Most New Yorkers don’t even know it’s there. Hart Island, near the popular summer spot City Island, is one of the world’s largest cemeteries, and the U.S.’s largest potter’s field, where the indigent and unidentifiable have been buried en masse since just after the Civil War. Inmates from Riker’s Island perform the burials, at a rate of some 2,000 per week; there are more than 800,000 buried here altogether, three-deep in cheap wooden boxes, in long trenches that cover more than half the island. At one time the island also housed a prison, a boys’ workhouse, a Nike Ajax nuclear missile silo, and for four months in 1865, it was a prisoner of war camp used to house captured Confederate Troops, more than 250 of whom died and were buried here. The only grave with a marker is that of an unnamed baby who died in 1980, New York City’s first AIDS casualty, buried in isolation.
Unless you have a relative buried on the island, you can’t go there, so very few people ever get to see it for themselves. In 1978, a news crew visited the island for a day, and came away with a nice piece and some great footage of some buildings that don’t exist anymore, and of prisoners on burial detail — check out the way they throw the infants’ coffins to one another.
Photo by Joel Sternfeld, from his book about the island.
I saw a movie on Scy-Fy (how I hate typing that) called “Island of the Dead” fro 2000 that appears to be based on this place if not filmed there.
posted by Fred on 3-29-2010 at 10:21 am
And maybe this movie as well:
http://en.wikipedia.org/wiki/Children_Shouldn%27t_Play_with_Dead_Things
posted by Romeo Vitelli on 3-29-2010 at 12:18 pm
I would love to know what happened to the seats from Ebbets Field or if they are still on the island.

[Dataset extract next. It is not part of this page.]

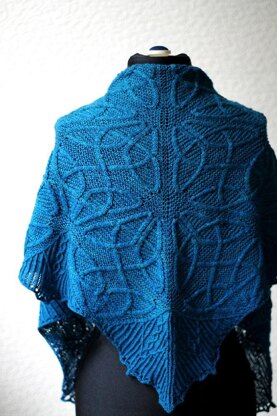 A top-down triangular shawl inspired by beautiful Celtic knot-work, and worked in hand-dyed fingering weight/4-ply yarn. The intricate edging features twisted rib and eyelets. Two sizes are given, but the size of the shawl can be increased if you have extra yarn (the sample shown in the photographs is in the larger size).
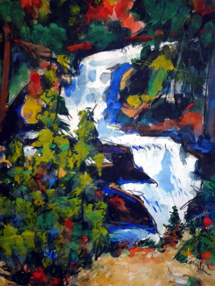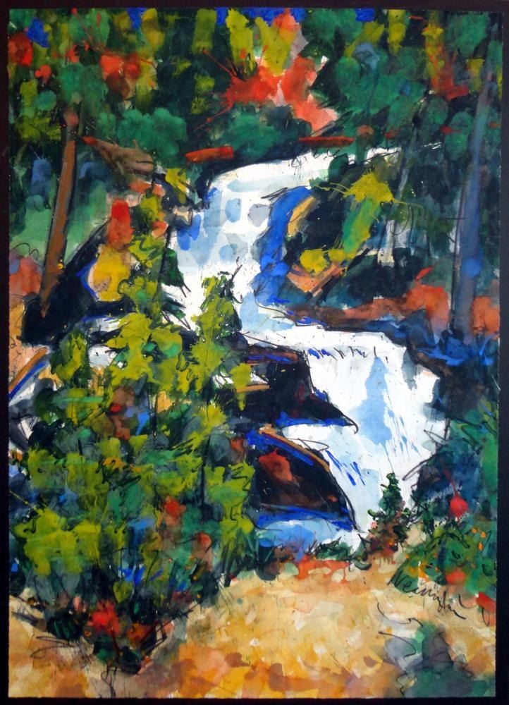 DANIEL NEUMANN | Title of Art: WATERFALL | Medium: SIGNED ORIGINAL WATERCOLOR ON PAPER | Edition Size: Original | Art Size: 40x28 | Offered Unframed

posted by Jay on 3-29-2010 at 12:40 pm
Is this the also the spot that everyone was burried in the final scenes of Gangs of New York?
The movie was just on over the weekend and the “grave point of veiw” showing the changing New York skyline is pretty powerful.
posted by Tyler on 3-29-2010 at 12:51 pm
Patricia Cornwell referred to this place in one of her books (Potter’s Field, I suppose)… I didn’t know it was a real place until reading this post. Interesting video!
posted by ann on 3-29-2010 at 2:44 pm
It’s also where the climax of “Don’t Say A Word” with Michael Douglas & Brittany Murphy took place. I remember it being pretty creepy.
posted by Lucy on 3-29-2010 at 2:57 pm
Couple of questions, just in case anyone knows… first of all, did I understand correctly that they recycle the burial ground every 25 years? Not sure how that would work, unless they’re taking a no-embalming, dust-to-dust approach.
Also, if you identify a relative and claim the body… how? What if they’re
in the middle of the trench, three layers down?
Not major questions, but I we _flossers are an eclectic enough bunch that there might be somebody out there who knows the answer. ;-) Great article!
My creepy reCaptcha: serious memory
posted by Roger on 3-29-2010 at 3:11 pm
Roger, according to Wikipedia, they “allow for sufficient decomposition” before they bury more people in the same trenches. (I couldn’t find the original source for that, however).
Interesting article – it’s sad to think of not only the nameless people who are buried there, but also the ones who simply can’t afford another form of burial.
posted by Sara on 3-29-2010 at 6:19 pm
What an anomalous name Hart island and the people working there seem to be heartless1
posted by Roly on 3-30-2010 at 5:38 am
Thanks Sara!!!
posted by Roger on 3-30-2010 at 4:50 pm
Gosh, this video is over 35 years old!